Highlights & Insights¶
- Humans as Scale Anchors: Restoring metric scale using the prior height information from human statistical models is a highly natural and elegant approach, avoiding the need for external information such as known object dimensions or GPS in traditional methods.
- Contact-Constraint-Free Grounding: After optimization, human bodies stand naturally on the ground without explicit "foot-to-ground contact" constraints, demonstrating that joint human-scene optimization implicitly resolves the grounding issue.
- Human Keypoints for Cross-View BA: Treating human keypoints as feature correspondences in SfM provides a robust alternative in wide-baseline scenarios where traditional feature matching fails.
Limitations & Future Work¶
- Relies on known cross-view identity correspondences (re-identification); in practical scenarios, this requires an additional ReID module.
- When severe indoor occlusions occur, the quality of 2D keypoint detection degrades, affecting the optimization performance.
- Scene reconstruction quality remains limited (e.g., uneven ground issues); introducing stronger geometric priors or integrating with NeRF/3DGS for fine-grained reconstruction could be considered.

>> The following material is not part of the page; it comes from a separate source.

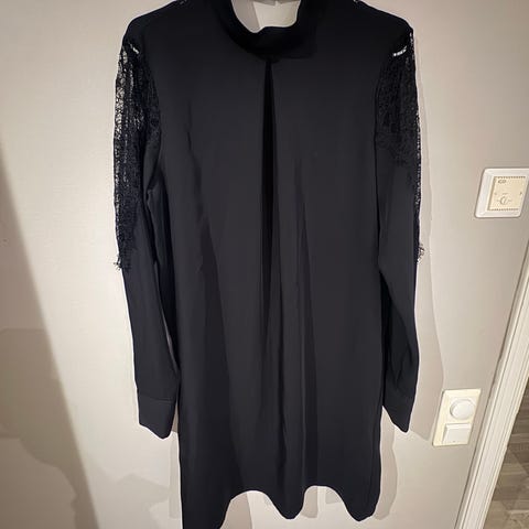 laget av et polyester satengstoff, et tungt og oppgradert stoff med en silkeaktig overflate og et vakkert fall. Den har høy hals, lange ermer med puffermer, høye mansjetter, knappelukking, og detaljer som knapper og en linje ved midjen. Denne kjolen har en normal passform.

- Currently, this only handles single-frame static scenes; extending to video sequences can utilize temporal consistency to further improve accuracy.
Related Work & Insights¶
- vs UnCaliPose: Also utilizes human keypoints for SfM, but UnCaliPose only optimizes humans and cameras without scene reconstruction, and requires ground-truth bone lengths. HSfM achieves superior camera estimation by incorporating scene optimization.

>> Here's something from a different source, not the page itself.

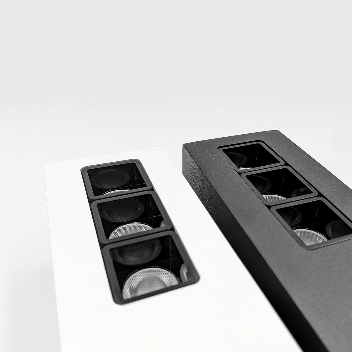 Серія освітлювальних приладів KUBI виготовлена в двох класичних кольорах - чорному та білому. Світильники оснащені вбудованими лінзами, завдяки котрим випромінюють м'яке та комфортне тепле біле світло. Модель можна використовувати як у якості основного, так і акцентного освітлення. Корпус світильника виконаний з міцного та екологічно чистого алюмінію.

- vs DUSt3R/MASt3R: These methods perform dense scene reconstruction and camera estimation but do not handle humans. HSfM utilizes humans to provide scale constraints and additional correspondences, surpassing them even on camera metrics.
- This "human-as-anchor" concept can be generalized to other scene reconstruction tasks requiring metric scale, such as recovering scale using the statistical dimensions of vehicles or pedestrians in autonomous driving.
Rating¶
- Novelty: ⭐⭐⭐⭐ The idea of introducing human priors into SfM is natural, yet the integration approach is ingenious.
- Experimental Thoroughness: ⭐⭐⭐⭐⭐ Two large-scale datasets, comprehensive metrics, detailed ablations, and analysis on the number of people.
- Writing Quality: ⭐⭐⭐⭐ Clear structure and standardized formulation expressions.
- Value: ⭐⭐⭐⭐ Unifies human and scene reconstruction, holding significant importance for understanding real-world human-environment interactions.